**WORK INSTRUCTION**
Once the pictures are removed, restate the listing word for word.

**GIVEN INFORMATION**
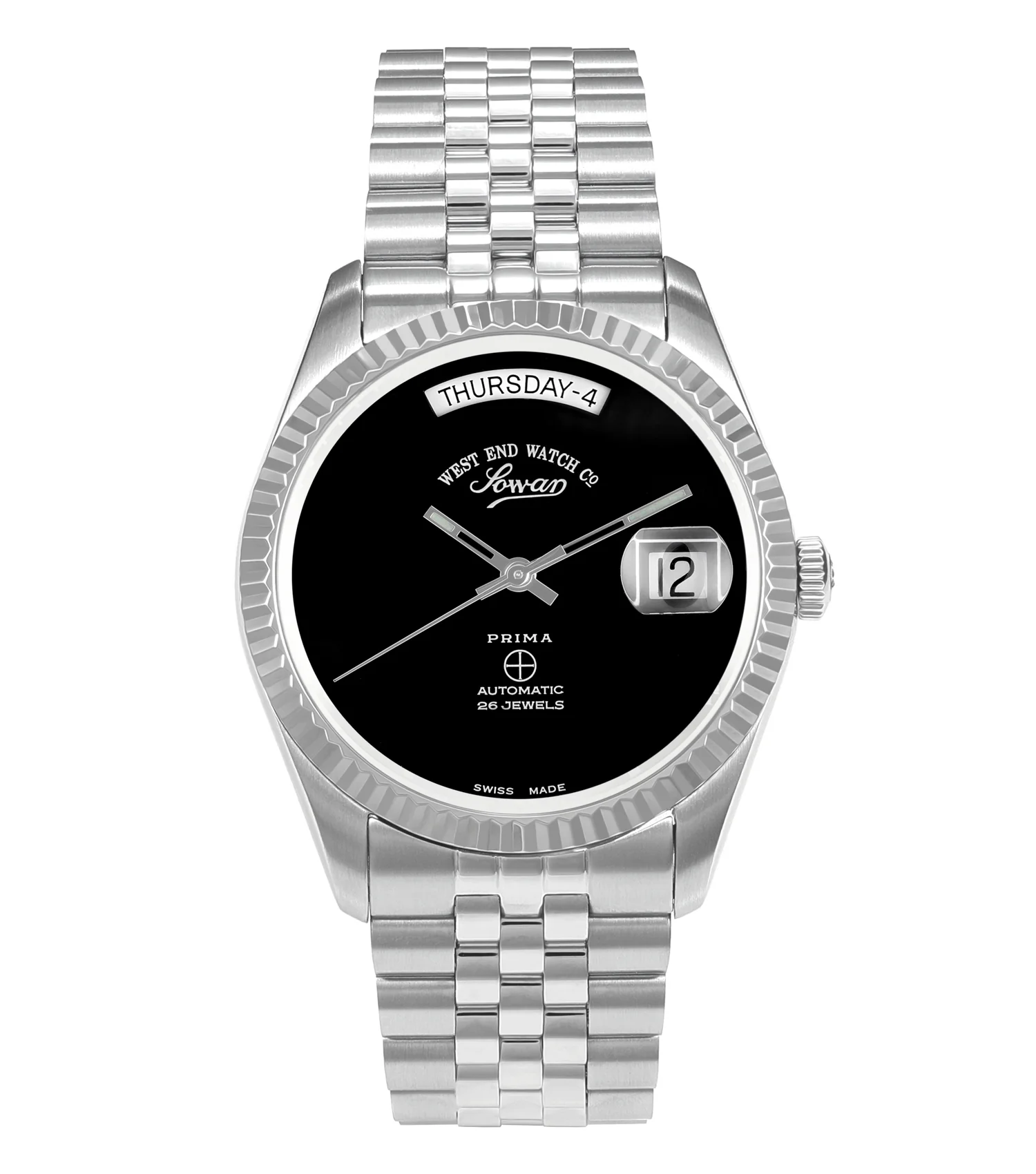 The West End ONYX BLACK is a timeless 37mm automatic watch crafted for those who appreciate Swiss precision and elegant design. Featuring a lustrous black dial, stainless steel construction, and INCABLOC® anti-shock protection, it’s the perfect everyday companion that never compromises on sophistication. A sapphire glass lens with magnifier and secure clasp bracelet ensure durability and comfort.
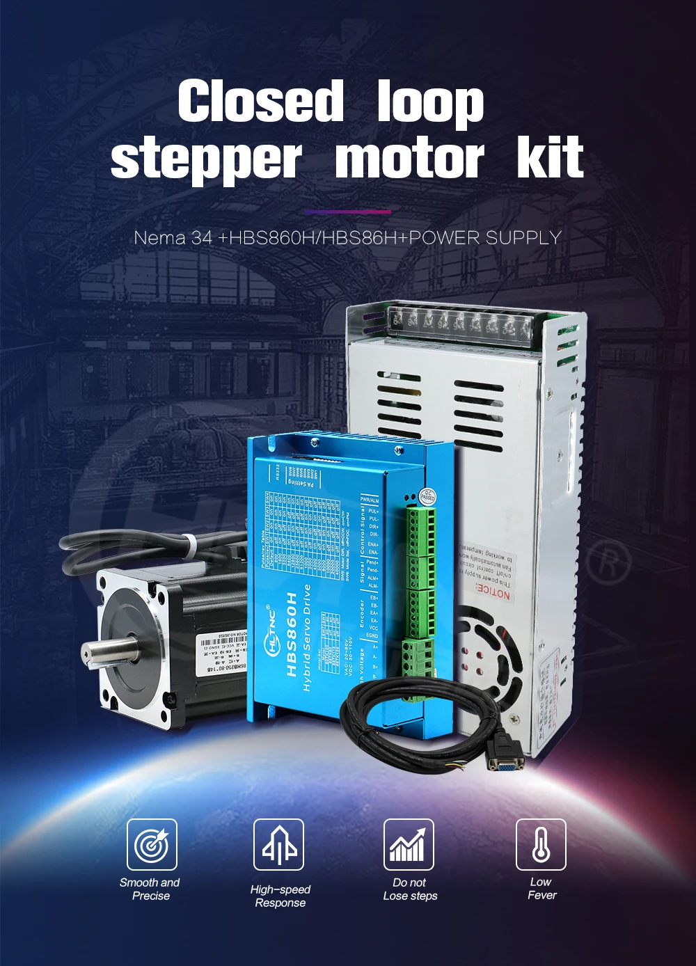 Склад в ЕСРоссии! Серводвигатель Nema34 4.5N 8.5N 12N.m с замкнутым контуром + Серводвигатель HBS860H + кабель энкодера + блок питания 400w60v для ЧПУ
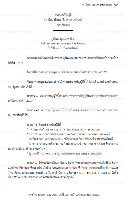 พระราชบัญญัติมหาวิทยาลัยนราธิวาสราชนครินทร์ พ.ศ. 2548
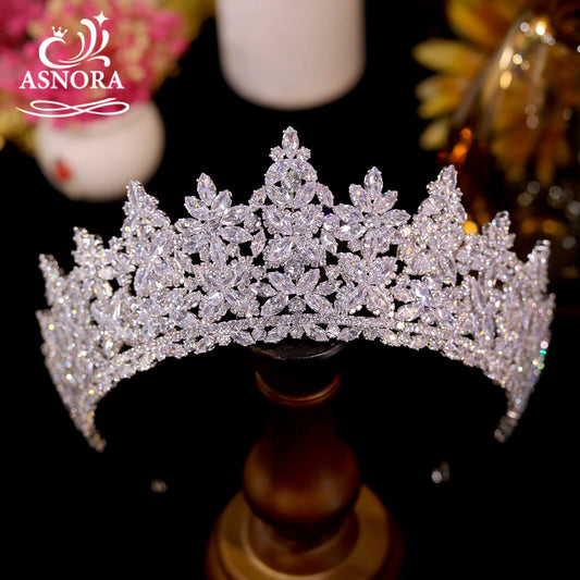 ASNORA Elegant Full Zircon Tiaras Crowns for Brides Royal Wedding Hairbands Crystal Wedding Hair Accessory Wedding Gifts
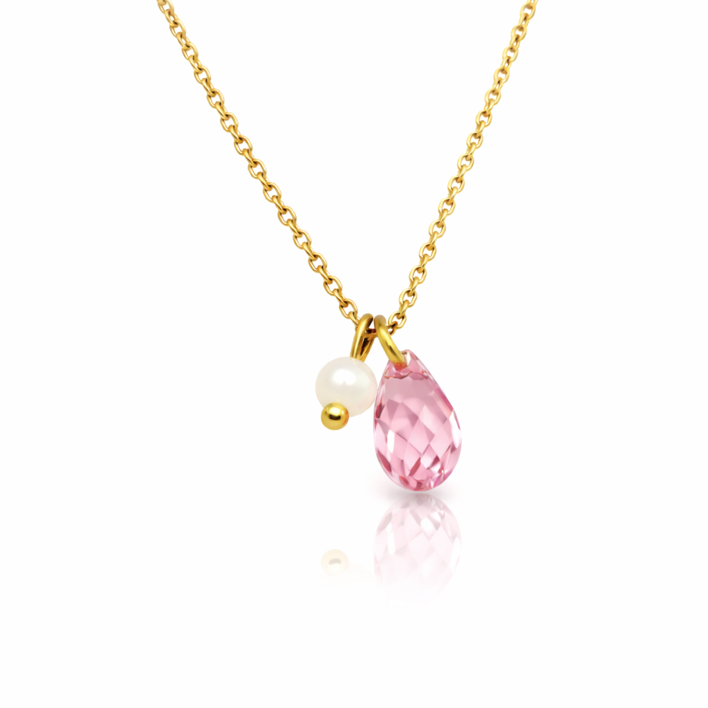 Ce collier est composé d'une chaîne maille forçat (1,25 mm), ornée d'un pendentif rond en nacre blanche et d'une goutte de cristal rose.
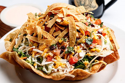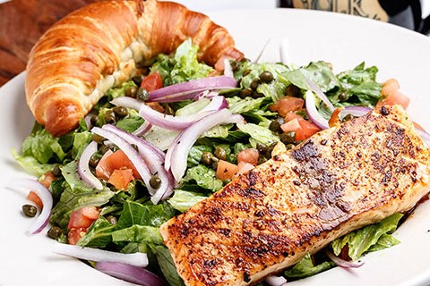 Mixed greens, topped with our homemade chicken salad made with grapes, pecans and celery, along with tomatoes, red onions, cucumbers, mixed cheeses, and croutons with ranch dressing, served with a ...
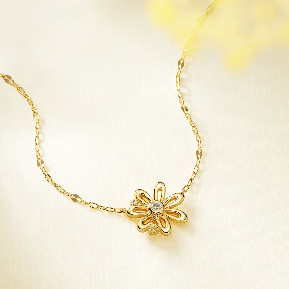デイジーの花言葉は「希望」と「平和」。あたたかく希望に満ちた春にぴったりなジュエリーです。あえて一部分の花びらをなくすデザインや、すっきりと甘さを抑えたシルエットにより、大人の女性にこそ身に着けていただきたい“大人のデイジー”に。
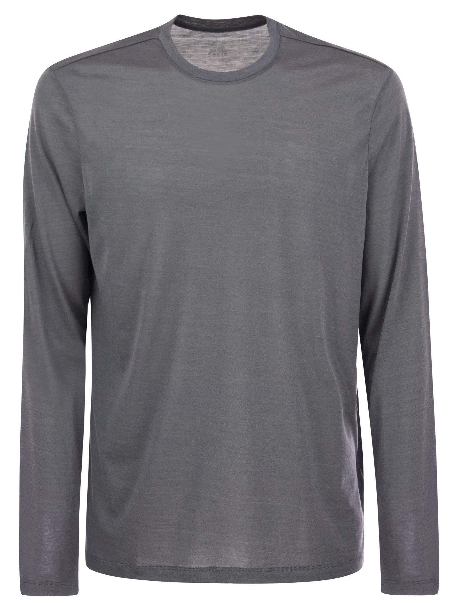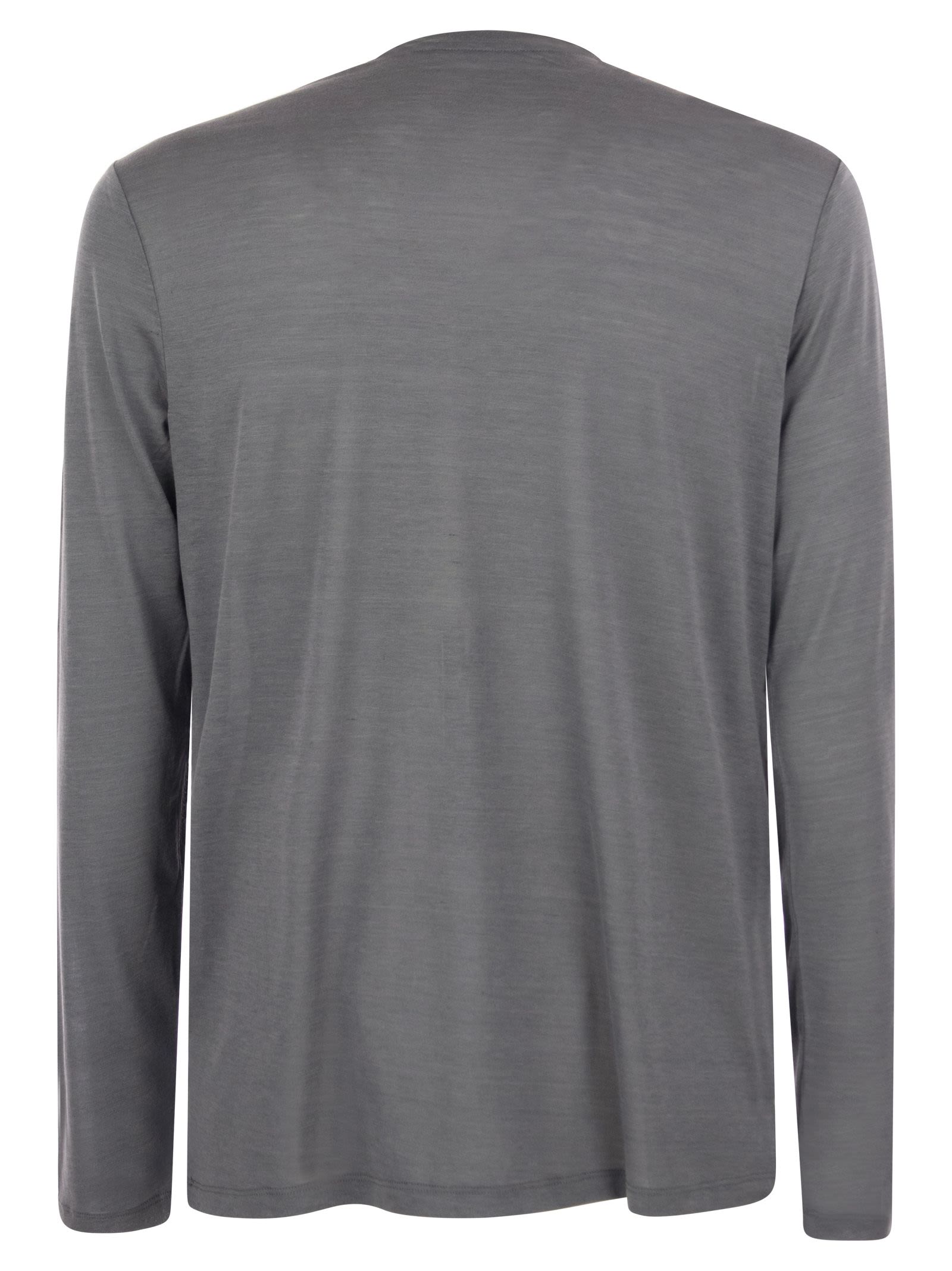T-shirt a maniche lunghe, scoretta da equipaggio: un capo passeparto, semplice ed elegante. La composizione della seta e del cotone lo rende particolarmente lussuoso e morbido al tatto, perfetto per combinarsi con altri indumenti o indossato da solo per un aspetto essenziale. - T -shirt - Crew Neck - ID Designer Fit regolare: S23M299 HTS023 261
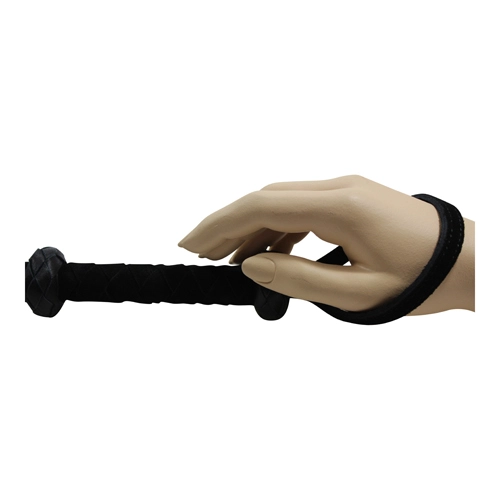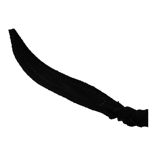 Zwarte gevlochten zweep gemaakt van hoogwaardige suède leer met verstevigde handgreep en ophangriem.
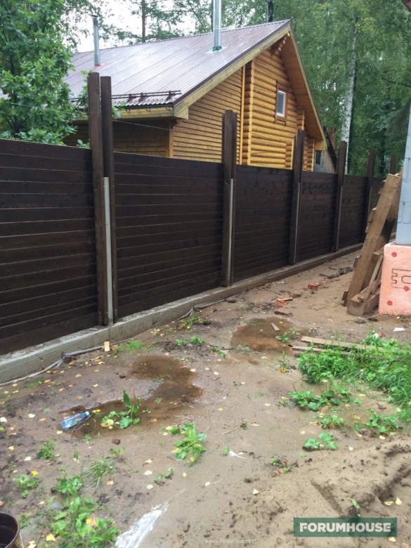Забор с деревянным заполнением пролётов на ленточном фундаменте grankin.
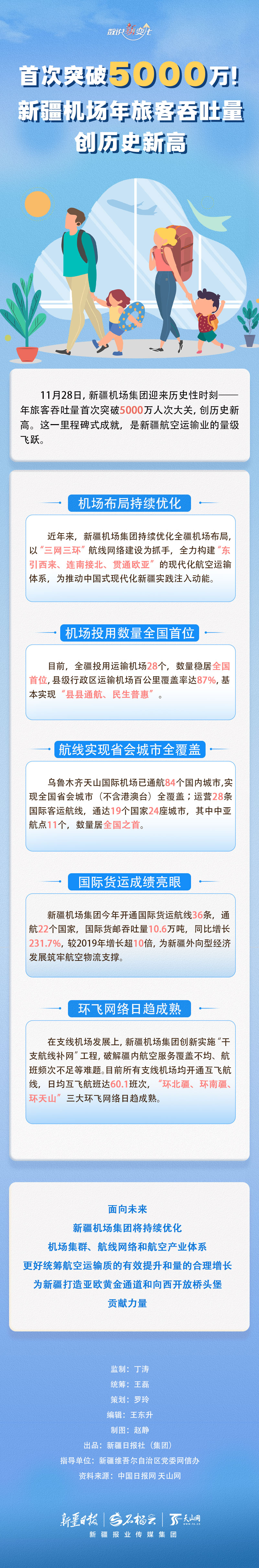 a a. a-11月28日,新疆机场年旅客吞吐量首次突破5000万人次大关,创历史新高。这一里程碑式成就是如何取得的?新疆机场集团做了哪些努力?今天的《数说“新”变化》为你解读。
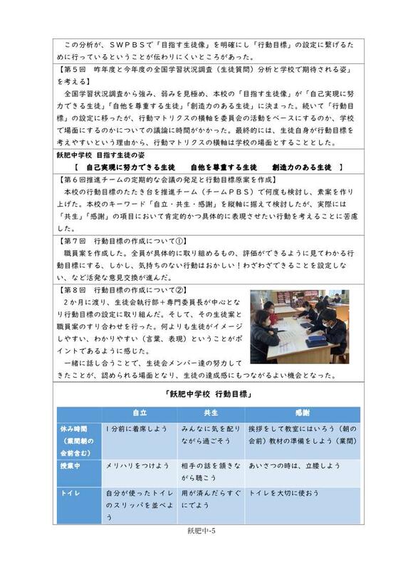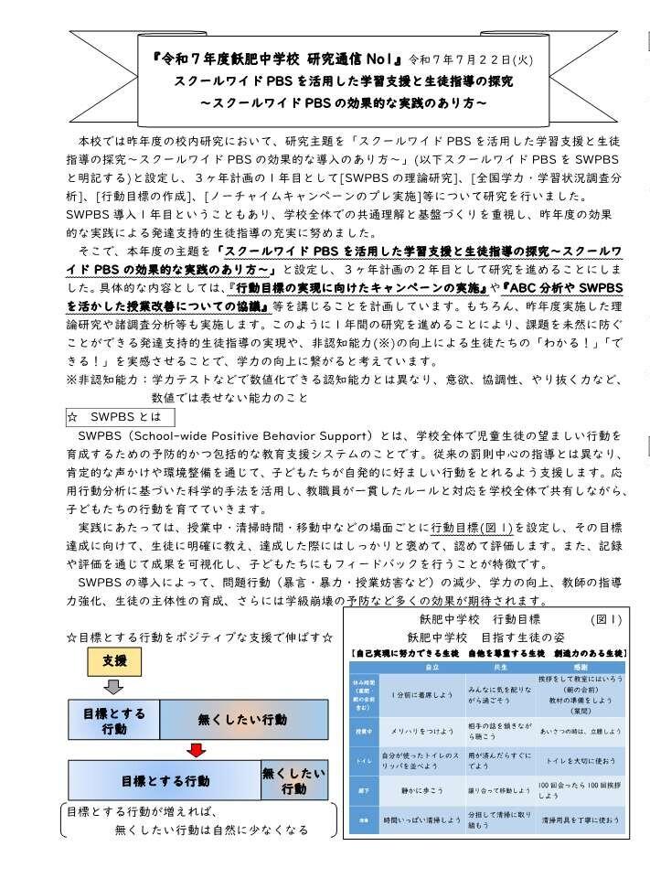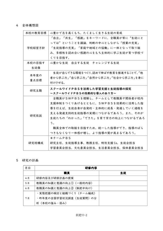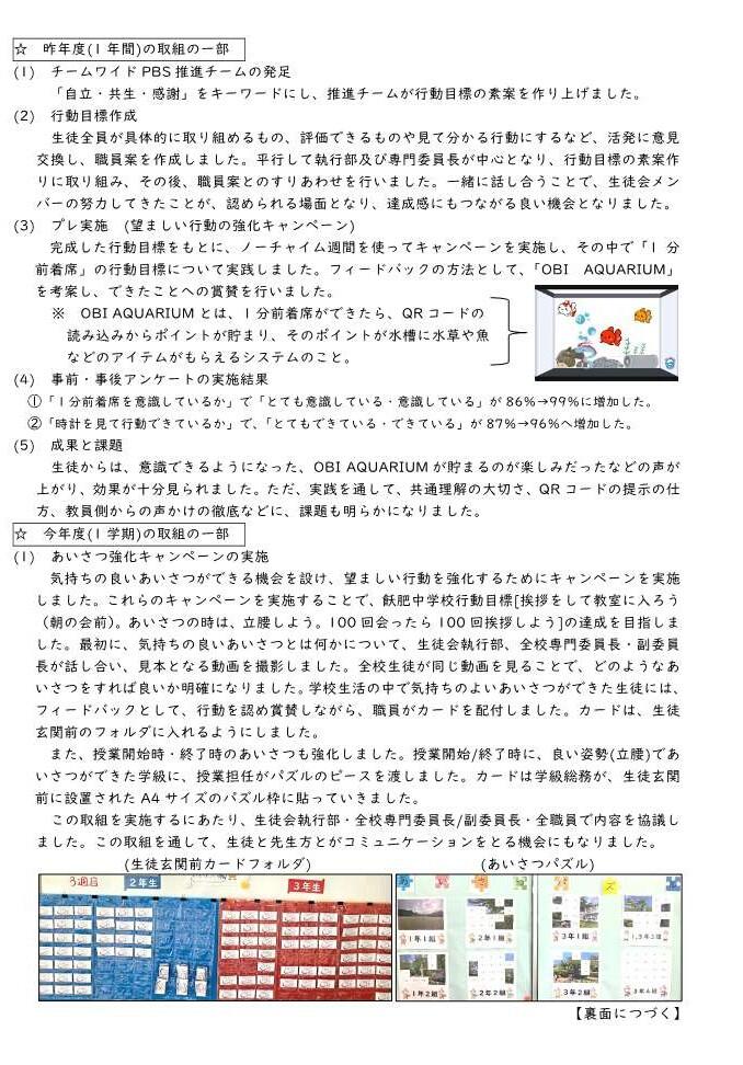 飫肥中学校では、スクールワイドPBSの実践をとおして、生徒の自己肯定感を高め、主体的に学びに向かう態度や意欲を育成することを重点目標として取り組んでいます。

**SOLUTION FOR THIS EXERCISE**
 The West End ONYX BLACK is a timeless 37mm automatic watch crafted for those who appreciate Swiss precision and elegant design. Featuring a lustrous black dial, stainless steel construction, and INCABLOC® anti-shock protection, it’s the perfect everyday companion that never compromises on sophistication. A sapphire glass lens with magnifier and secure clasp bracelet ensure durability and comfort.
 Склад в ЕСРоссии! Серводвигатель Nema34 4.5N 8.5N 12N.m с замкнутым контуром + Серводвигатель HBS860H + кабель энкодера + блок питания 400w60v для ЧПУ
 พระราชบัญญัติมหาวิทยาลัยนราธิวาสราชนครินทร์ พ.ศ. 2548
 ASNORA Elegant Full Zircon Tiaras Crowns for Brides Royal Wedding Hairbands Crystal Wedding Hair Accessory Wedding Gifts
 Ce collier est composé d'une chaîne maille forçat (1,25 mm), ornée d'un pendentif rond en nacre blanche et d'une goutte de cristal rose.
 Mixed greens, topped with our homemade chicken salad made with grapes, pecans and celery, along with tomatoes, red onions, cucumbers, mixed cheeses, and croutons with ranch dressing, served with a ...
デイジーの花言葉は「希望」と「平和」。あたたかく希望に満ちた春にぴったりなジュエリーです。あえて一部分の花びらをなくすデザインや、すっきりと甘さを抑えたシルエットにより、大人の女性にこそ身に着けていただきたい“大人のデイジー”に。
T-shirt a maniche lunghe, scoretta da equipaggio: un capo passeparto, semplice ed elegante. La composizione della seta e del cotone lo rende particolarmente lussuoso e morbido al tatto, perfetto per combinarsi con altri indumenti o indossato da solo per un aspetto essenziale. - T -shirt - Crew Neck - ID Designer Fit regolare: S23M299 HTS023 261
 Zwarte gevlochten zweep gemaakt van hoogwaardige suède leer met verstevigde handgreep en ophangriem.
Забор с деревянным заполнением пролётов на ленточном фундаменте grankin.
 a a. a-11月28日,新疆机场年旅客吞吐量首次突破5000万人次大关,创历史新高。这一里程碑式成就是如何取得的?新疆机场集团做了哪些努力?今天的《数说“新”变化》为你解读。
 飫肥中学校では、スクールワイドPBSの実践をとおして、生徒の自己肯定感を高め、主体的に学びに向かう態度や意欲を育成することを重点目標として取り組んでいます。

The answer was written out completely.